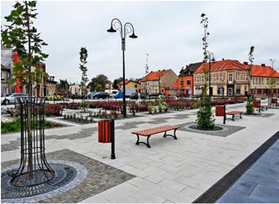
Rewitalizacja Placu Powstańców, 2018 rok.
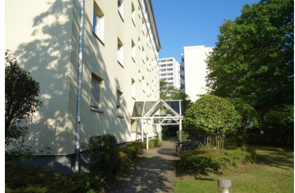
Ansicht des Bewertungsobjekts
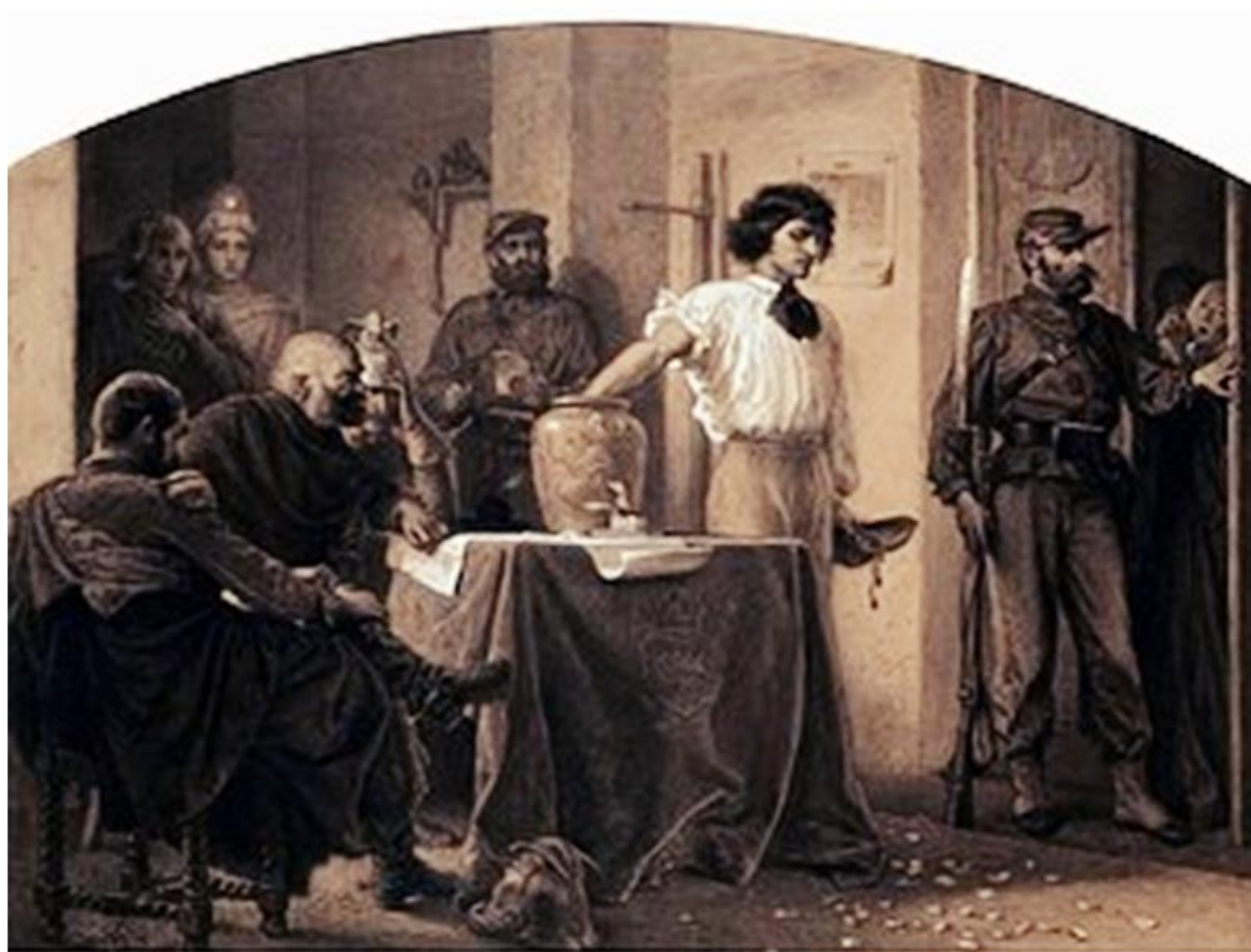
Ilustracja 1. Artur Grottger, Losowanie rekrutów w 1866 r.

To jeszcze nic, co tutaj słyszysz. Ale żebyś to ze mną była, kiedy z chałup ich brałem, to dopiero było... sądny dzień. Jednego tylko Piotra, syna Janowej, udało mi się wziąć bez lamentów i krzyków. Sam mi się jakoś nawinał. Wiesz co, gdyby mi kto powiedział: czy wolisz dostać sto batów kozackich, odlewanych (byle bez świadków i nikt nie wiedział), czy też iść drugi raz po rekrutów, powiedziałbym: dawaj baty 10 .
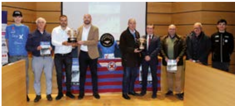
Apirilaren 23an aurkeztu zuten lasterketa Eibarko udaletxeko Pleno Aretoan.

Lasterketak sei mendate izango ditu: 3. mailako Itziar, Meagas, Areitio eta San Miguel, 2. mailako Elgeta eta 1. mailako Ixua. Horrek ibilbidea bi zatitan banatu dezake, probaren aurkezpenean adierazi zuten bezala: “Lehenengoko erdian probak dituen gorabeherak azkar joatea ekarriko du, eta bigarrenaren eskalatzaileek izango dute zeresana,
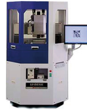
オンデマンドインクジェット塗布装置
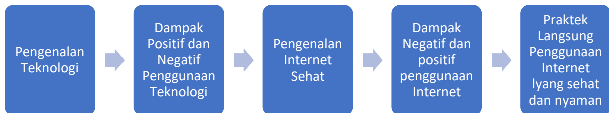
Gambar.1 Prosedur Kerja Tim Pengabdian Kepada Masyarakat

Dalam memudahkan tim Melaksanakan PKM di desa Pematang Serai dengan lancar dan sukses maka tim melakukan Pemetaan dengan prosedur kerja. Adapaun prosedur kerja yang dilakukan oleh Tim adalah sebagai berikut :
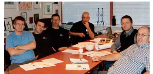
Efri mynd starfsmenn Odda, neðri frá vinstri Prenttækni og Umslag
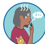
感觉不适、极度疲乏、肌 肉酸痛
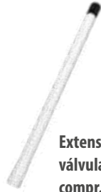
Extensão rígida em nylon p/ válvula de caminhões e ônibus compr. 164,0mm
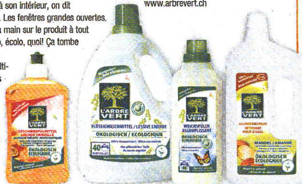
Prix: dès 3 fr. 90. Chez Coop, drogueries. www.arbrevert.ch
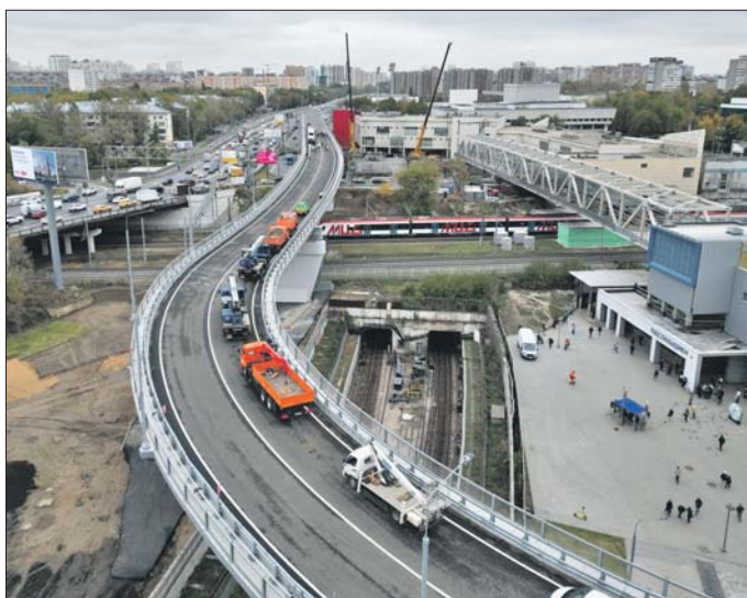
Эстакада обеспечивает прямой съезд с основного хода МСД на Волгоградский проспект в сторону МКАД

Теперь водителям не нужно совершать объезд через Шоссейную улицу. Перепробег автотранспорта, таким образом, сократится в два раза. За счёт перераспределения транс-
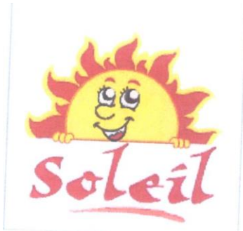
Marque n° 65198 Marque de l'opposant
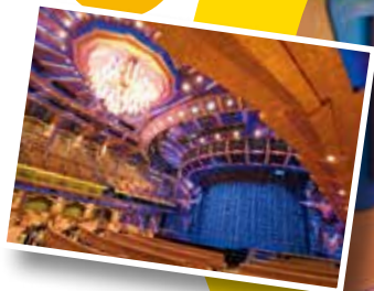
シアター 1,300名収容のシアターでは、 様々なエンターテイメントショーを 鑑賞出来ます。
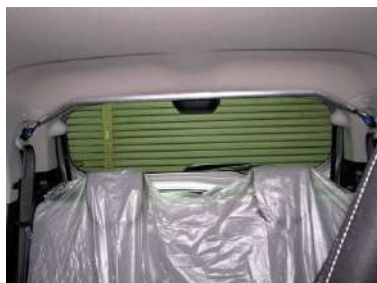
[ピラーバー スクエア] KAWAI WORKS製品。 室内左右ボディを繋ぎます。
*-*-*
** Work item **
Leave the pictures out, and restate exactly the lines from the start of the records through the one that contains "Apirilaren 23an aurkeztu".

** Answer for the task **
Rewitalizacja Placu Powstańców, 2018 rok.
Ansicht des Bewertungsobjekts
Ilustracja 1. Artur Grottger, Losowanie rekrutów w 1866 r.

To jeszcze nic, co tutaj słyszysz. Ale żebyś to ze mną była, kiedy z chałup ich brałem, to dopiero było... sądny dzień. Jednego tylko Piotra, syna Janowej, udało mi się wziąć bez lamentów i krzyków. Sam mi się jakoś nawinał. Wiesz co, gdyby mi kto powiedział: czy wolisz dostać sto batów kozackich, odlewanych (byle bez świadków i nikt nie wiedział), czy też iść drugi raz po rekrutów, powiedziałbym: dawaj baty 10 .
Apirilaren 23an aurkeztu zuten lasterketa Eibarko udaletxeko Pleno Aretoan.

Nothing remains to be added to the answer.